Stored data:
________________________________________

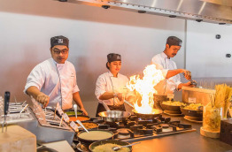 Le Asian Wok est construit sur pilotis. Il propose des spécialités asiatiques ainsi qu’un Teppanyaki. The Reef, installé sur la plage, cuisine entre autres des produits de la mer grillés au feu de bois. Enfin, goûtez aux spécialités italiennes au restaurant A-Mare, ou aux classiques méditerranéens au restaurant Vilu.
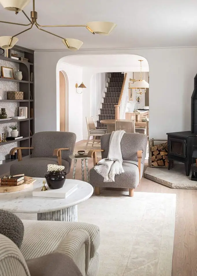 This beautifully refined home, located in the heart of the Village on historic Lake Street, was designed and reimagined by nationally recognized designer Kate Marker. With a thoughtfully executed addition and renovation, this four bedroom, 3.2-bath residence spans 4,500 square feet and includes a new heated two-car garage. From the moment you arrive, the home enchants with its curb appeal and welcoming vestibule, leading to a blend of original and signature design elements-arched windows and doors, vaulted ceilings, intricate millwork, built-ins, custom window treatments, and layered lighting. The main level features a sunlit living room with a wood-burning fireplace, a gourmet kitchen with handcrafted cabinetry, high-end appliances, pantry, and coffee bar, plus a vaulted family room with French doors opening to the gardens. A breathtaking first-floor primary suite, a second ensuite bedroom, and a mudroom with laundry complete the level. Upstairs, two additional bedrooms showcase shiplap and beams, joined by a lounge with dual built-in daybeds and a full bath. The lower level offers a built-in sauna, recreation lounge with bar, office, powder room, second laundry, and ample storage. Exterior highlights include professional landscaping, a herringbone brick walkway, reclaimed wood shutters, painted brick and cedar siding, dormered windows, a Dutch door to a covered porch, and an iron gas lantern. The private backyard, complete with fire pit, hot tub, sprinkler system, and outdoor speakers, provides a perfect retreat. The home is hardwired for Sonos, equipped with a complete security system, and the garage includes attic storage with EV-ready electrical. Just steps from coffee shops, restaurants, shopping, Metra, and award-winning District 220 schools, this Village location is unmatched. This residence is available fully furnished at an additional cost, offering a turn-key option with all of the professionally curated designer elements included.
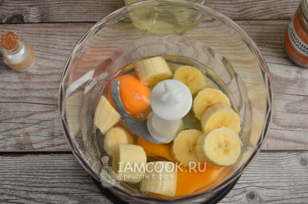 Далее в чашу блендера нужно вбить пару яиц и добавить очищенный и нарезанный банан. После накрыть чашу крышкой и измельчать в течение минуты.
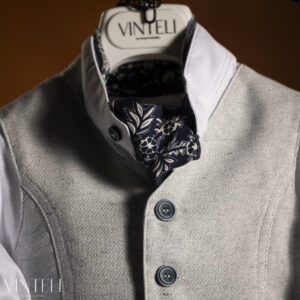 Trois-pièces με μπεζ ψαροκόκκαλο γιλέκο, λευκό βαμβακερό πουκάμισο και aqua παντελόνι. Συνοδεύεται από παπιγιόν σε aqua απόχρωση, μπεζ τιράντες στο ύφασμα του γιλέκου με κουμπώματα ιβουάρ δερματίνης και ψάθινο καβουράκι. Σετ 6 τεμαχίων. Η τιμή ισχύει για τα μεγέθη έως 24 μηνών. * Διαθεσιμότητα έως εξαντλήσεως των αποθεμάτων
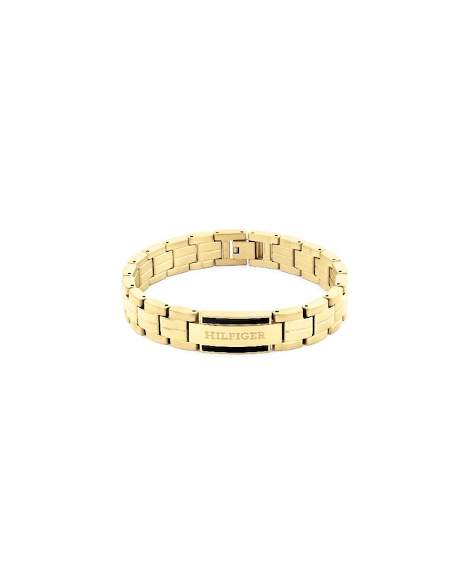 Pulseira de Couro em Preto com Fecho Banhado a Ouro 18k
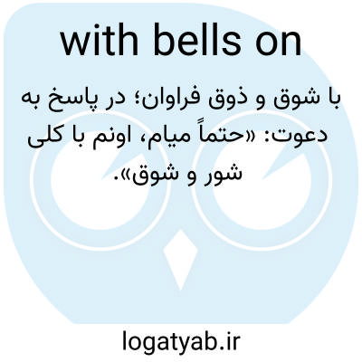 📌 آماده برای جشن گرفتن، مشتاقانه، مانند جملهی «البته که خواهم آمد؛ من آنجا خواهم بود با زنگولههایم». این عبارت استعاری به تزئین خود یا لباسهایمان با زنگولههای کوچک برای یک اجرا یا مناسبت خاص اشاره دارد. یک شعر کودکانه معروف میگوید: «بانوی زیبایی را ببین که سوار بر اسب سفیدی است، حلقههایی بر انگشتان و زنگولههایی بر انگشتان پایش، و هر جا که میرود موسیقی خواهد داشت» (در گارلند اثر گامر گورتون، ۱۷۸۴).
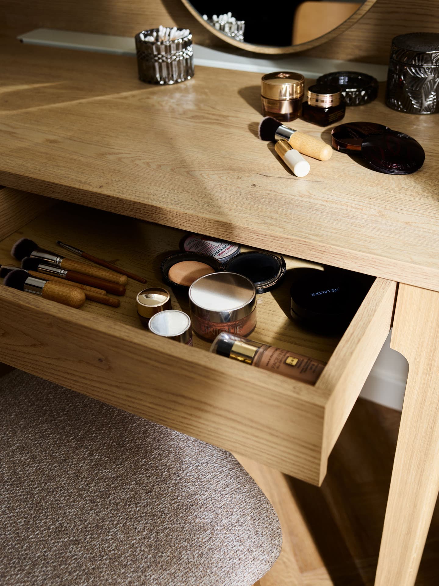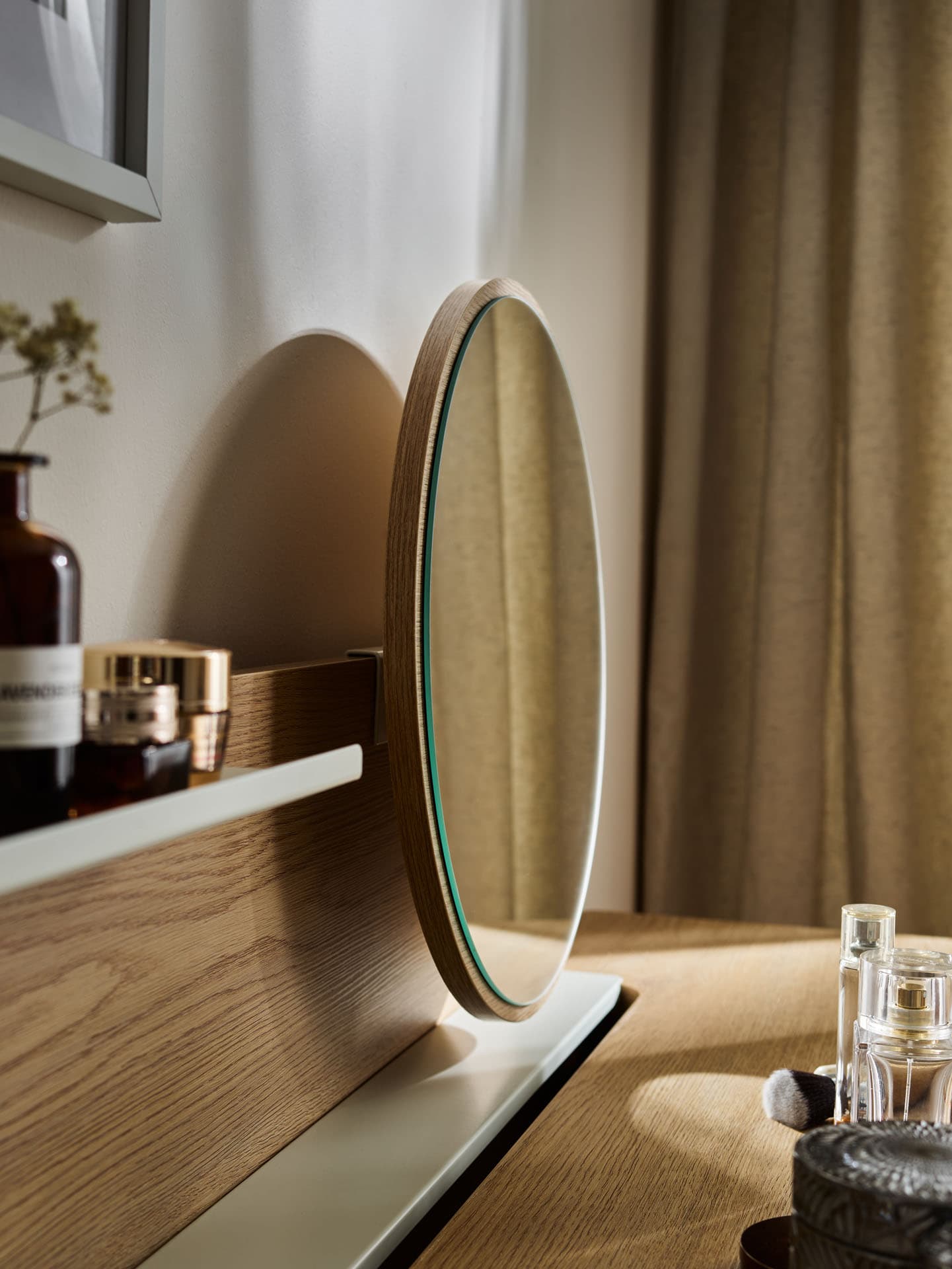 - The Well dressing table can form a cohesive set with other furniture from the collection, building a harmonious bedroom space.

________________________________________

What you should do: Nothing but the lines from the one containing "Далее в чашу" through the end of the entries is to be retyped, exactly as written and without pictures.

Solution to this problem:
 Далее в чашу блендера нужно вбить пару яиц и добавить очищенный и нарезанный банан. После накрыть чашу крышкой и измельчать в течение минуты.
 Trois-pièces με μπεζ ψαροκόκκαλο γιλέκο, λευκό βαμβακερό πουκάμισο και aqua παντελόνι. Συνοδεύεται από παπιγιόν σε aqua απόχρωση, μπεζ τιράντες στο ύφασμα του γιλέκου με κουμπώματα ιβουάρ δερματίνης και ψάθινο καβουράκι. Σετ 6 τεμαχίων. Η τιμή ισχύει για τα μεγέθη έως 24 μηνών. * Διαθεσιμότητα έως εξαντλήσεως των αποθεμάτων
 Pulseira de Couro em Preto com Fecho Banhado a Ouro 18k
 📌 آماده برای جشن گرفتن، مشتاقانه، مانند جملهی «البته که خواهم آمد؛ من آنجا خواهم بود با زنگولههایم». این عبارت استعاری به تزئین خود یا لباسهایمان با زنگولههای کوچک برای یک اجرا یا مناسبت خاص اشاره دارد. یک شعر کودکانه معروف میگوید: «بانوی زیبایی را ببین که سوار بر اسب سفیدی است، حلقههایی بر انگشتان و زنگولههایی بر انگشتان پایش، و هر جا که میرود موسیقی خواهد داشت» (در گارلند اثر گامر گورتون، ۱۷۸۴).
 - The Well dressing table can form a cohesive set with other furniture from the collection, building a harmonious bedroom space.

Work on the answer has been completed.